I simply carry all my rooted cuttings in 4-inch pots plunged in peat moss in a shaded, north-facing frame. When the roots begin to bind in the pot, they are ready for bedding out in spring. They receive no fertilizer at any time, because rhododendrons do not want fertilizer or manure. Fertilizers do not kill rhododendrons, but rapid growth does kill them, and nothing which forces growth should ever be applied to their roots. When they are ready, they will make all the growth that is good for them.
And now a word about growing rhododendrons in pure peat. The roots develop wonderfully in peat, but have great difficulty in jumping from the peat into normal soil. This is probably because a given plant grows different kinds of roots according to the kind of soil it is placed in, just as it grows different kinds of leaves for sun or shade. And just as the leaves refuse to change their structure when the plant is moved to a new environment, but must be dropped, and new, suitable ones grown, so the ill adapted root cannot grow a well adapted extension from its own tip. A properly adapted root must start from near the crown, but if the crown is surrounded with pure peat, then a root adapted to normal soil will not grow there. The result is familiar to anyone who has set out peat-balled plants. The roots simply refuse to leave the peat and so cannot develop an adequate system.
Peat stays frozen longer than any other component of soil. Not only is the root ball too small when the roots refuse to grow out of it, but the hard frozen condition prevents the taking up of moisture, and robs the plant of its hardiness doubly.
On the west coast, where cold winters are unexpected, except that they arrive rather regularly every four or five years, when an exceptional winter devastates the rhododendrons, as it seems to do just about that often, much of the damage is due to planting in pure peat and using fertilizers. As soon as western growers learn to expect the unexpected, which comes so often and so surely, they will perhaps abandon fertilizers and pure peat culture. But let me add that many eastern growers, who know well that the winter is going to be cold, cannot keep their itching hands off the fertilizers and the peat, and blame their losses on the Hungarian revolt or the Suez Canal.

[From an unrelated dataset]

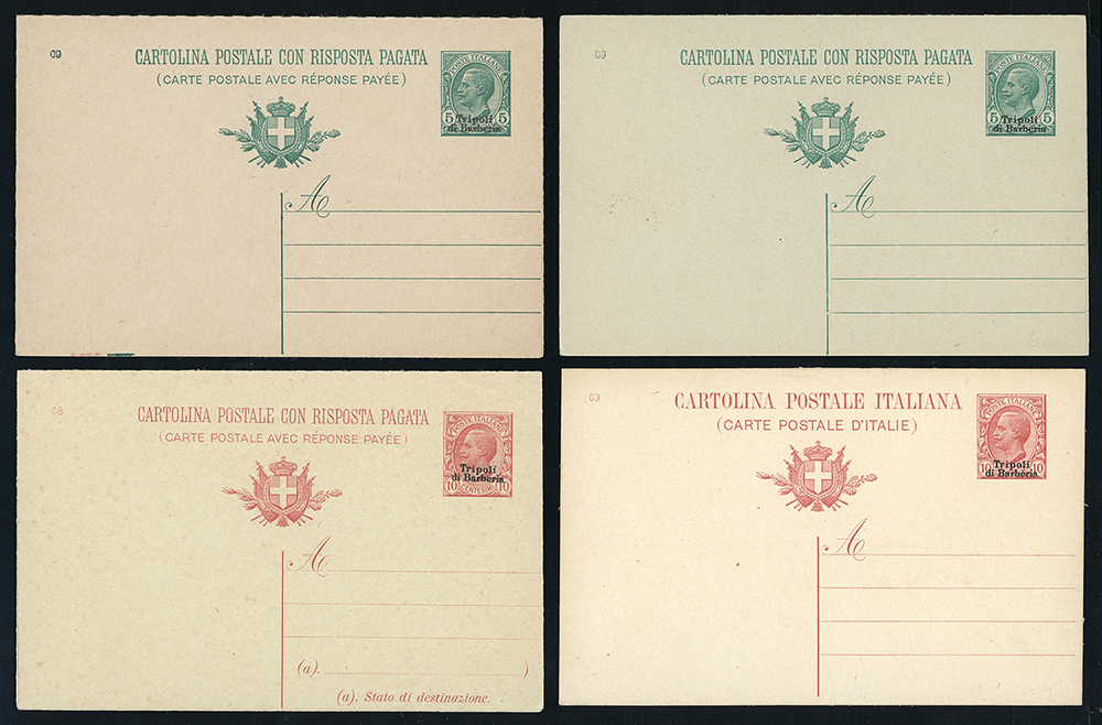 UFFICI POSTALI ALL'ESTERO TRIPOLI DI BARBERIA INTERI POSTALI 1909/1910 - Lotto di quattro interi postali, Filagrano n. 1,2,2A e 3. Ottima qualità.

One last thought. Many of our misconceptions about plants come from misuse of the word "feeding." We cannot feed green plants. Green plants make their own food by combining air and water to form sugar, and this is the basis of all food. Fertilizers do not feed plants, but drug them. With farm crops this does no harm. A stalk of corn will die anyway as soon as it has borne its grain. But with most ornamentals, fertilizers simply give an oversupply of certain substances necessary in small amounts, though incidental, for the process of making food. These substances are not used up unless a crop is taken away, and additions of them are not only superfluous but drug the plants into unnatural and often disastrous excess growth.